Sixteen-year-old Ada and her twin brother, Livio, are compelled by law to settle their family's debts arising from bankruptcy by serving the state. Ada successfully escapes, betraying Livio in the process, leaving him to bear the weight of the family's legacy alone. She encounters other fugitives like herself and seeks refuge in an overlooked harbor area on the outskirts of the city. Plagued by guilt, Ada faces the choice of persisting in her quest for freedom or sacrificing what little remains to reunite with her beloved brother.
Ada is a young woman, 16 years of age, whose family’s bankruptcy turns her life upside down. The title is a symbolic reference to Kafka’s unfinished novel Amerika (The Man Who Disappeared).
The film is the final chapter in a trilogy on adolescence: a path in three acts, each of which recounting how adolescents deal with the world created by the prior generation, through roles suddenly making them key figures in building their own futures, but where their freedom of action must constantly bend to society’s demands.
Amerika arose from the relaboration of a personal history involving my family’s bankruptcy, and from a recent news story titled Children pledged to loan sharks to perform undeclared work and pay off the family’s debts, a new practice for paying off loans that some loan sharks were using to seize perpetual control over the amount owed them. As the story went on to report, “It’s the children who pay for their families...”.

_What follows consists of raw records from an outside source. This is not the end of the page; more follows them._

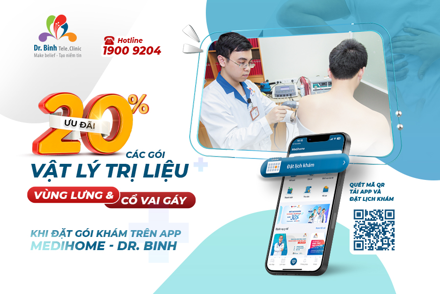 Bên cạnh đó, Dr. Binh Tele_Clinic cũng tiên phong áp dụng nhiều phương pháp trị liệu tiên tiến nhất, giúp người bệnh nhanh chóng phục hồi, hạn chế tối đa di chứng và nâng cao chất lượng cuộc sống. Tại phòng khám Dr. Binh Tele_Clinic, người bệnh sẽ được trải nghiệm dịch vụ chăm sóc chu đáo, hướng dẫn bài bản và kênh kết nối, liên lạc với chuyên gia 24/7 thông qua nền tảng y tế số Medihome.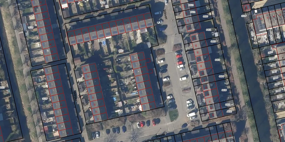 Het perceel waarop Wever 34 staat heeft een oppervlakte van 4205 m². Dit is een zeer groot perceel. De perceeloppervlakte wordt geregistreerd door het Kadaster. Gedetailleerde informatie over de maten van dit perceel kunt u vinden in het rapport Kadastrale kaart met maatvoering van Wever 34.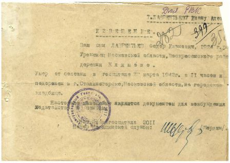 Извещения высланные на людей погибших в Новомосковском районе (17)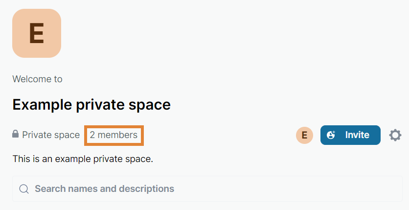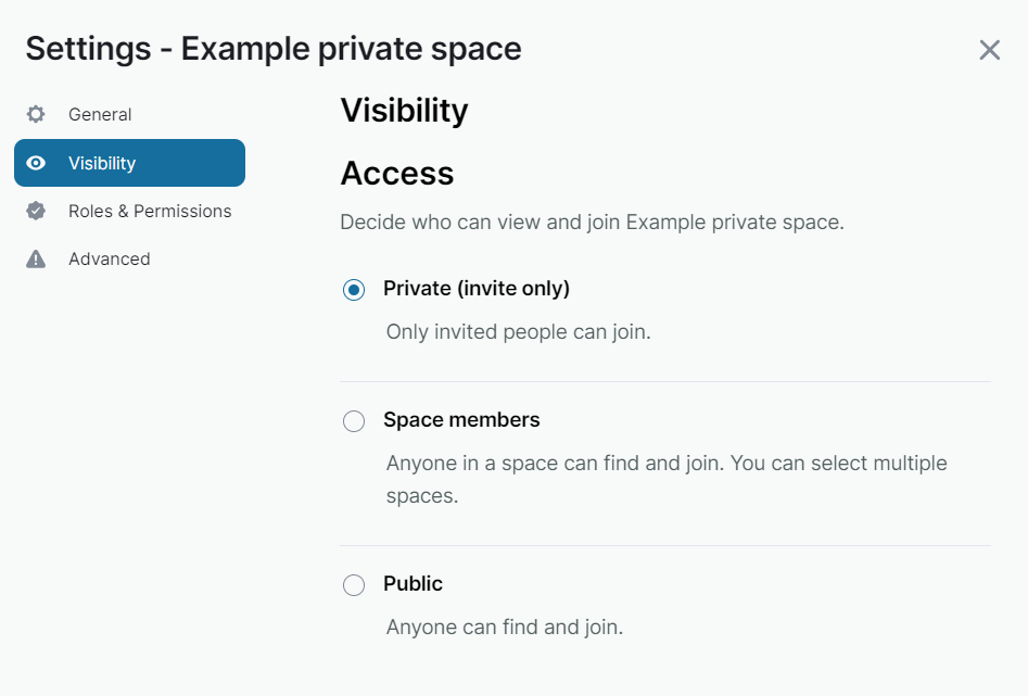 - Private space (invite only). Only people invited will be able to find and join this space.

The story of Amerika is a story that belongs to our own time. A reflection on inheritance and on the society we are building, it casts light on what we imagine can happen to these new generations represented here by the sons and daughters who will be required to pay for the mistakes made by those who came before them.

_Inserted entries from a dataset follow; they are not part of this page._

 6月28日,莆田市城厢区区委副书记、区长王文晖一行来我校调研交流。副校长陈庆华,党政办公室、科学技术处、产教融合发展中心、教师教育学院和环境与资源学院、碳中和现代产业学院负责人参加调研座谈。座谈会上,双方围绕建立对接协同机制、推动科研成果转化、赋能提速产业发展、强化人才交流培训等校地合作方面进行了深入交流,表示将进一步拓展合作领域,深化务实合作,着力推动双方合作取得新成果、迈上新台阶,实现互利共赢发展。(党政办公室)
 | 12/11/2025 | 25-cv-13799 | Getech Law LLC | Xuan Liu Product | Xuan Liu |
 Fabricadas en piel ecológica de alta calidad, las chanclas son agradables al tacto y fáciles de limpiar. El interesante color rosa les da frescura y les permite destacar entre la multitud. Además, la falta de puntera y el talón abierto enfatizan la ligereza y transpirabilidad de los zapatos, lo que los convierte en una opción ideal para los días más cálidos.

With Amerika, I am interested in building an altered vision of the world, because this discarding procedure allows me to point out and heighten certain dynamics and issues of the society we live in. The work aspires to create an invented world, setting it in a reality that the audience can visibly recognize. The process put into play here is what we might define as science fiction realism. The dynamics within Amerika’s world are not the opposite of those governing our society, but deviate slightly from them, thus placing the film not in a near future, but in an altered present.